The same is probably true with regard to promises of the growing number of FDA employees – such as Dr. Moncef Slaoui and Dr. Peter Marks – who claim that they would resign rather than permit an unsafe vaccine to be distributed.
Indeed, in a recent survey, 78% of respondents said they were worried that the approval process for a COVID-19 vaccine was being influenced more by politics than by science. Thus two-thirds of American voters say they would not take a COVID-19 vaccine when it first comes out, and some 25% claim they would never accept it – actions which would very substantially delay any return to pre-COVID normalcy.

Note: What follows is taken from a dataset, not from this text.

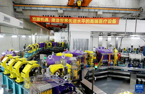 這是上海交通大學(xué)附屬瑞金醫(yī)院腫瘤質(zhì)子中心內(nèi)的質(zhì)子同步加速器區(qū)(2022年5月21日攝)。新華社記者 方喆 攝 這一治療癌癥的新設(shè)備——首臺(tái)國(guó)產(chǎn)質(zhì)子治療示范裝置,是上海光源和轉(zhuǎn)化醫(yī)學(xué)兩個(gè)大科學(xué)設(shè)施“聯(lián)姻”的結(jié)晶。“瞄準(zhǔn)最頂尖醫(yī)療科技,從原始創(chuàng)新突破到集成研究發(fā)展、產(chǎn)業(yè)應(yīng)用,我們走了一條新路。”中國(guó)工程院院士、瑞金醫(yī)院院長(zhǎng)寧光說。 2014年5月,習(xí)近平總書記在上海考察時(shí)強(qiáng)調(diào),上海要加快建設(shè)具有全球影響力的科技創(chuàng)新中心。 十年來,上海科技創(chuàng)新策源功能持續(xù)提升。從15條線站增至27條,上海光源開放多年來,這臺(tái)“超級(jí)顯微鏡”服務(wù)了3萬多名國(guó)內(nèi)外用戶;地下30米深,硬X射線自由電子激光裝置正加緊建設(shè),將推動(dòng)我國(guó)光子科學(xué)從“跟隨”到“引領(lǐng)”的飛躍;1拍瓦、10拍瓦,再到向百拍瓦功率邁進(jìn),超強(qiáng)超短激光實(shí)驗(yàn)裝置——“羲和”進(jìn)入運(yùn)行模式……如今,上海在用在建的大科學(xué)設(shè)施已有14個(gè),居全國(guó)首位。

kamala Harris on the vaccine and polling
While getting and distributing a safe and effective vaccine as early as possible is obviously important, virtually all of the experts say that it almost certainly could not be done before the end of the year.
To now rush it for release just prior to election day, without completing the basic phase three trials necessary to show whether it is both safe and effective, would only increase the existing distrust of the public regarding the government’s handling of the entire COVID-19 crisis, and could substantially prolong the hardship of the pandemic if even more people simply refused to use the vaccine once the FDA authorized it on an emergency basis, says Banzhaf.
Public Citizen agrees, arguing that such a rush to prematurely approve a vaccine could fuel existing vaccine hesitancy.
It could also make it more difficult to find people willing to participate in any other clinical trials for that vaccine – or for the many other experimental vaccines still being tested – because participants might not want to take the risk of getting a placebo offering no protection at all when they could get a shot of an arguably effective vaccine authorized (at least on an emergency basis) by the FDA.
So Prof. Banzhaf suggests that it would be appropriate for major medical organizations, large hospital chains, and big medical insurance companies to consider what their role should be regarding the distribution and administration of any vaccine without the satisfactory completion and unbiased evaluation of clinical trials.